There were far more registered male professional jockeys than female in both UK and Australia. Overall, male jockeys had a small, but significantly greater win percentage compared to female jockeys (female, 9.9 ± 0.5%; male, 11.0 ± 0.2%: F-prob, 0.03). However, the effect was influenced by country; in Australia the effect size was significant (female, 7.9 ± 0.8 vs. male, 10.4 ± 0.4%) but in the UK it was not (female, 10.7 ± 0.7 vs. male, 11.3 ± 0.2%). In Australia, there was no difference between male and female jockeys achieving a top three ‘podium’ position (female, 25 (10–35) %; male, 27 (18–35) %, Mann-Whitney U test, P = 0.20).

Discussion

No study has directly, and objectively, compared whether female versus male jockeys influence any aspect of racehorse physiology (e.g. heart rate) or performance (e.g. speed, stride length). This study, the first of its kind to date, sought to ascertain whether sex of the rider has a measurable difference (positive or negative) on racehorse performance physiology such as speed (e.g. during race-pace training sessions), cardiovascular function (e.g. maximum heart rate, heart rate recovery) or locomotion (e.g. stride length) during training. In addition, we asked whether sex of the jockey has a significant effect on a successful race outcome i.e. either by winning or achieving a top-three placing. There was no overt effect of the sex of the rider on any aspect of racehorse speed or stride length, at race-speed training intensities. However, when the converse training intensity was conducted on the opposite, usual training surface (e.g. a slow canter on turf or a fast gallop on sand, both of which were unusual) then small, but significant physiological effects–reduced or greater rates of recovery of racehorse heart rate, respectively–were observed. Female jockeys had very similar racing success compared to male jockeys. Hence, we suggest that sex of the jockey has few direct effects on racehorse physiology or performance.

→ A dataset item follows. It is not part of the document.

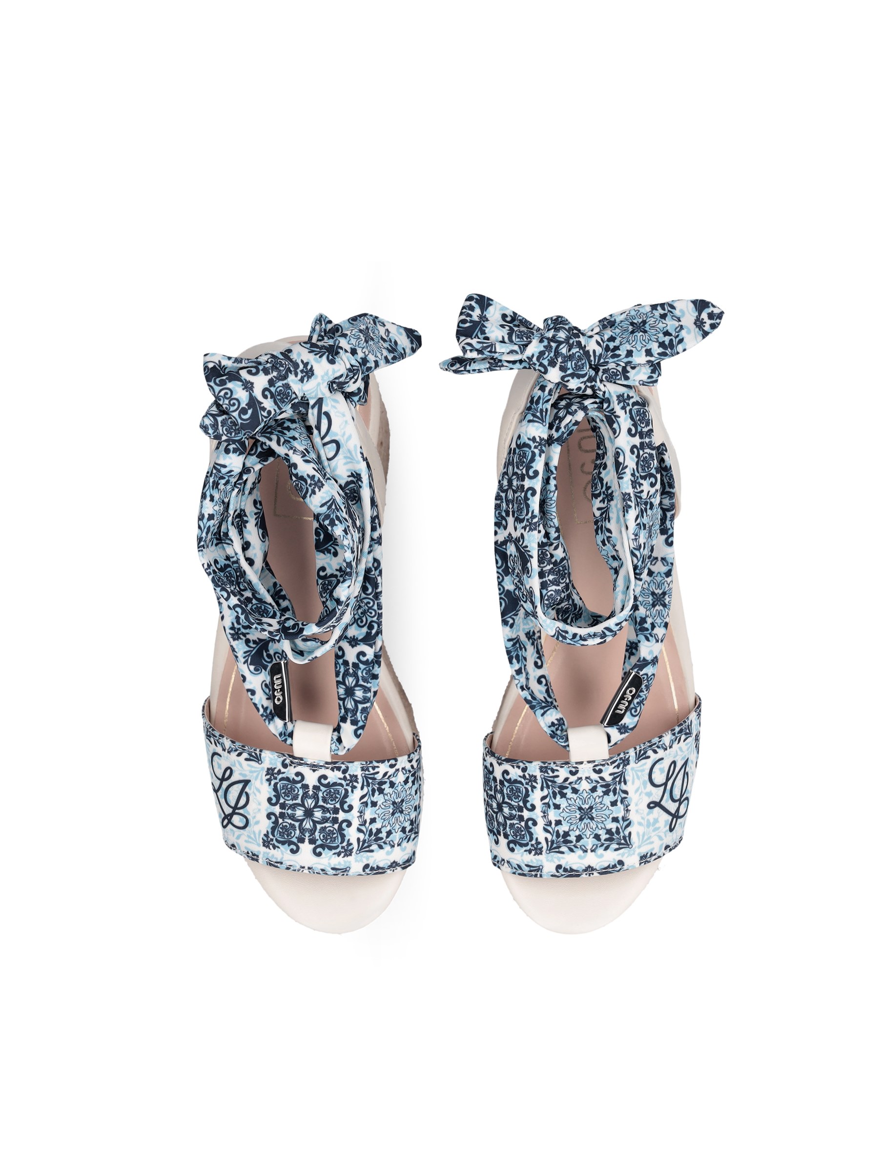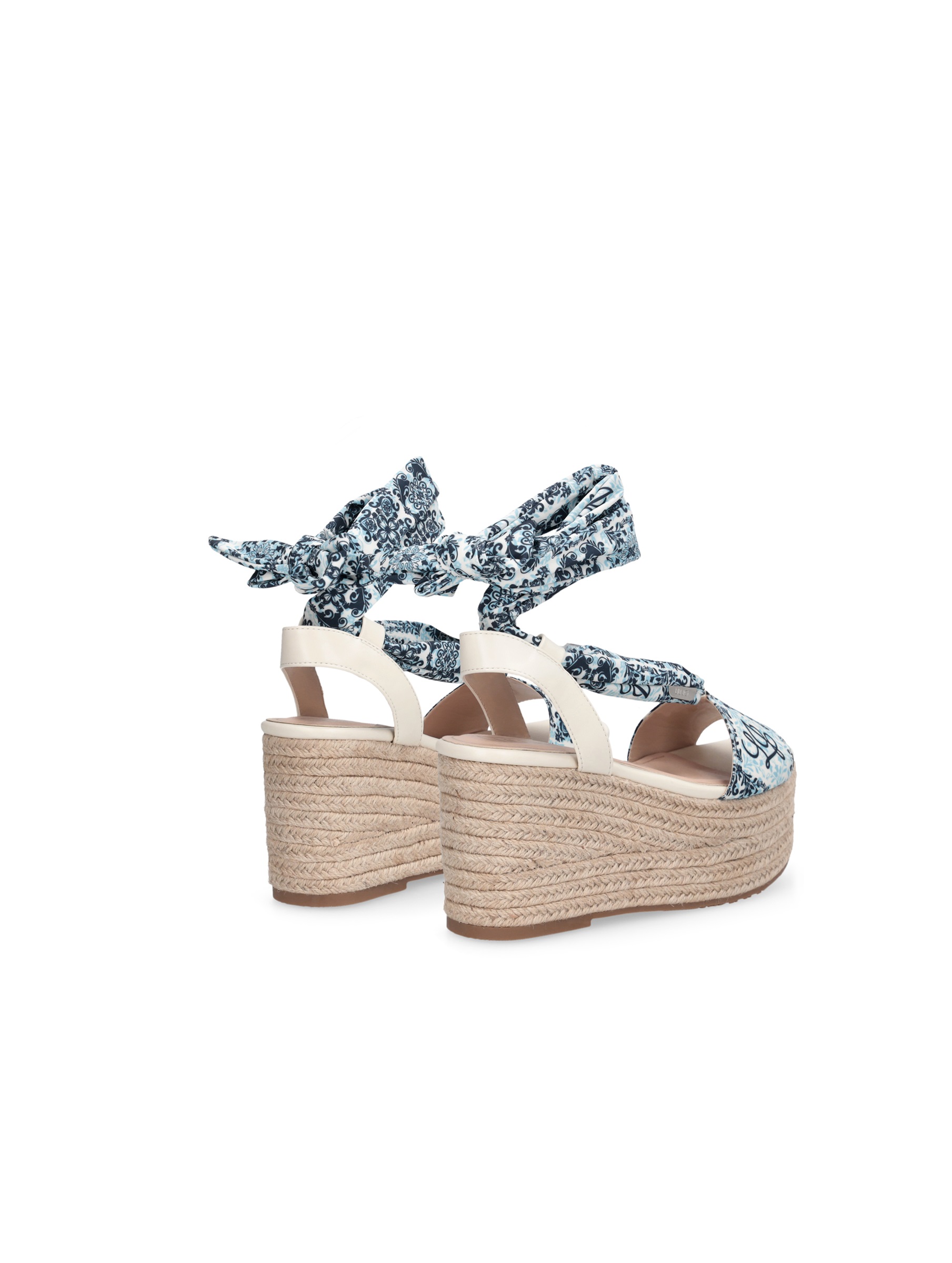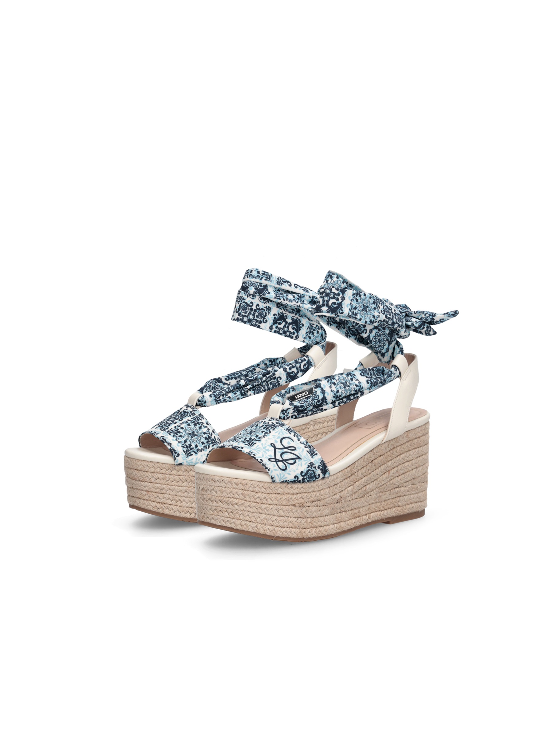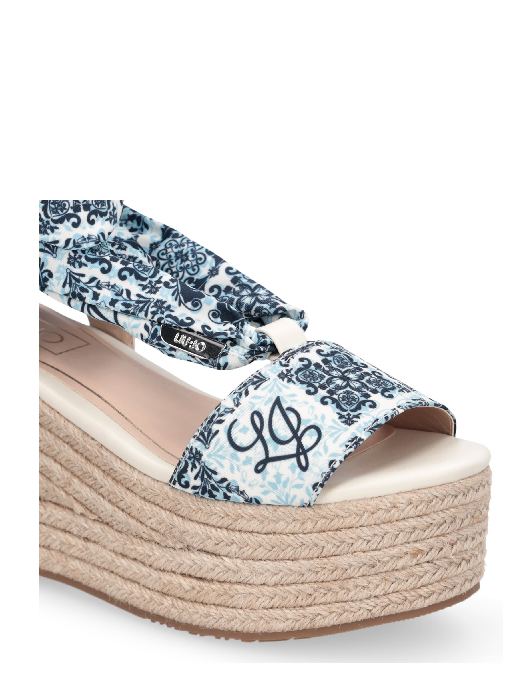 Sandali zeppa con foulard, con fascette stampate, chiusura con nastri foulard, logo ricamato, targhetta metallica con logo e zeppa alta 8,5 cm rivestita in corda intrecciata. Per un look fashion e trendy. LIU.JO

In this study, there was a clear difference in the proportion of training sessions completed by male or female work-riders. Despite a lower number of female (n = 37) compared to male riders (n = 64), female riders completed a higher number of training sessions (52.4%) than male riders (47.6%). This contrasts with a previous study, and our current data, where in actual races, there are fewer female riders getting proportionately fewer race rides [43]. Thus, despite female riders completing many more work-rides in training, fewer appear to progress to become professionals, securing race-rides. This observation questions equal racing opportunities between female and male jockeys. Indeed, in training rides, as the intensity of the training session increases, far more male riders are used, with female work-riders completing most slower, canter sessions. This variation may be explained by an unconscious bias made by trainers; the assumption that male riders with greater strength are more suited to higher work intensities. However, our data show that there is no evidence to support this contention; for all training intensities as directed by the trainer, there was no difference in the fastest 200m between racehorses ridden by a male or female work-rider (across 3,568 training sessions).

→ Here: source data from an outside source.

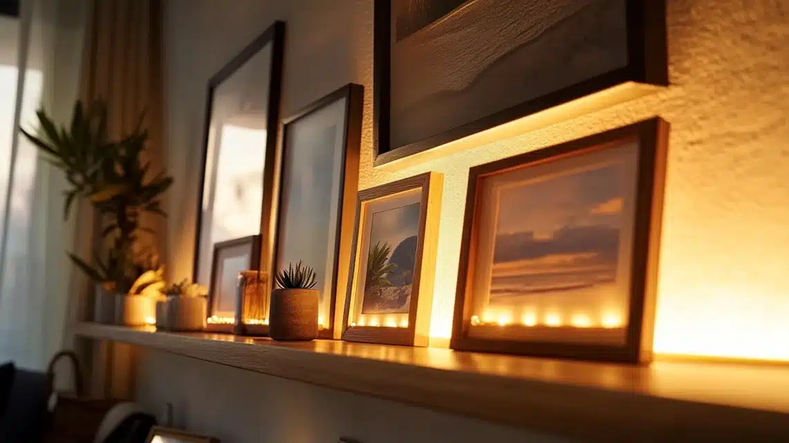 - Putting small battery-operated spotlights behind certain frames ($10-15)
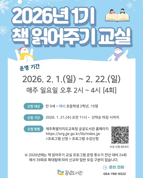 [한라일보] 동녁도서관이 내달 1일부터 22일까지 '2026년 1기 책 읽어주기 교실'을 운영한다.
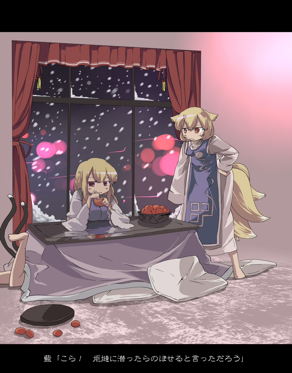3girlsbarefootblonde haircurtainsfeetfemale focusfoodfruithand on own hipindoorskotatsuletterboxedmandarin orangemultiple girlsmultiple tailsno headwearorange eyespillowred eyessnowsnowingtabletailunder kotatsuunder tablewindow

The faster training sessions may be preferentially ridden by registered professional jockeys of which many more are men. In our dataset, a far greater proportion of ‘gallop’ sessions were conducted by past or current race registered male professional jockeys (male, 31.8% vs. female, 4.5%). This could, separately to the study, reflect an effect of rider’s experience on racehorse performance: trainers choosing to use riders with greater race experience to recapitulate a race environment in training. In Australia, the majority of high-intensity workouts (i.e. gallops) were conducted on turf, while canters were completed on sand. This is consistent with the findings of Morrice-West et al. [44], who surveyed Australian trainers on the use of track surfaces for training. Sand or synthetic ‘all-weather’ surfaces were commonly used for slow workouts, while gallop work was conducted on turf. It is likely, therefore, that racehorses anticipate certain training intensities according to the track surface. Supporting this contention, in our study, heart rate at trot prior to galloping on grass was 124 ± 26 beats/min (mean ± S.D.) versus 114 ± 26 beats/min prior to a gallop on sand, where most canters occur. Racehorses no doubt anticipate the type of training session they are about to conduct.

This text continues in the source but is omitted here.